Karal shrugged. “I suppose so. I’ve never talked to anyone from Hardorn. Those who were trying to escape went across your borders. I suppose they didn’t want to chance the demons; they had no reason to know there weren’t any demons anymore. All I know is that suddenly we had an army trying to run over the top of us. Solaris was very good at picking brilliant generals, but good generals were obviously not going to be enough. Ancar’s fighters didn’t seem—human.”
“They weren’t, exactly, anymore,” Rubrik replied, and it was obvious from his expression that he was not going to elaborate on this point. Well, fine. So they both had things they weren’t supposed to share.
“You should know the rest,” Karal continued. “Solaris retreated to the Sun Tower and came back down with a new decree from the mouth of Vkandis Himself.”
“Truce with Valdemar.” That was a statement, not a question, but Karal nodded anyway.
And if the situation hadn’t been so bad, that would have been the end of Solaris. As it was, Ancar’s fighters and mages committed so many outrages that even her worst enemies were convinced that she was right.

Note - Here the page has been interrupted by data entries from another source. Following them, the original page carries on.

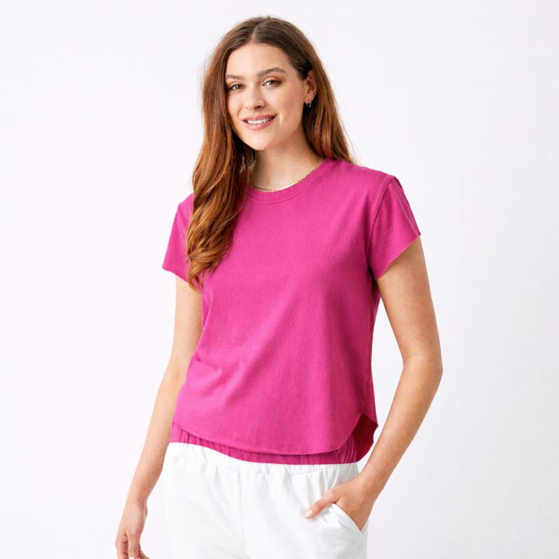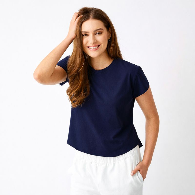 Effortlessly elevate your everyday style with the Wanda Hi Lo Curved Hem Tee. Crafted from luxuriously soft cotton, this versatile piece features a flattering curved hem that dips lower at the back—perfect for layering or wearing solo. Its timeless silhouette makes it an essential capsule wardrobe staple that transitions seamlessly from casual days to dressed-up evenings. Comfortable, chic, and endlessly wearable.
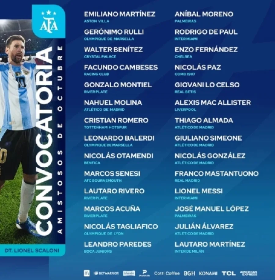 Por otro lado, fuera de las novedades por los nuevos convocados, se sumaron a la nómina los regresos del mediocampista del Chelsea Enzo Fernández y el defensor del Bournemouth Marco Senesi, mientras que José López, la figura de Palmeiras, se mantuvo en la consideración del entrenador.
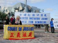 (Clearwisdom.net) On July 19-20, Melbourne Dafa practitioners held a series of activities, such as demonstrating the exercises, distributing Dafa truth-clarifying materials and holding a candlelight vigil to raise people's awareness of the four-year suppression. When the "Court of Justice" set up on Federal Plaza in downtown sentenced Jiang for crimes against humanity and genocide, the audience gave their warm applause.
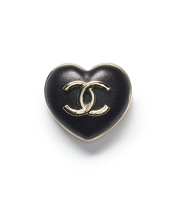 皮革金屬雙C Logo心型胸針

There hadn’t been a single family in all of Karse that didn’t know of
someone
who’d been affected. Torture and rapine were the least of the vile deeds Ancar’s followers had perpetrated, although they in themselves were quite bad enough.
Rubrik shook his head with an expression of wry sympathy. “You know, when your messengers reached our people, and we were finally convinced that Solaris meant what she said, there were some of us who thought the world had surely come to an end. I mean, truce with Karse? How much crazier could things get? And most people were certain it wouldn’t last.”
A flicker of expression on Rubrik’s face, quickly suppressed, told Karal that this man was in the group of those in Valdemar who had felt that way. “I don’t imagine your people were terribly happy about the idea, especially anyone in your Guard.”
Rubrik grimaced. “Well, when those Priest-mages of yours came north and helped hold Ancar’s armies to a crawl, it pretty well convinced even the most skeptical that you meant to hold by the spirit of the truce and alliance as well as the letter of it. At this point, we’ve got acceptance—if a grudging acceptance—of the situation. There are still people who can’t keep up with the changes in the land, though. So much has changed so quickly inside Valdemar—and outside her borders—that probably half of the population is in a whirl.”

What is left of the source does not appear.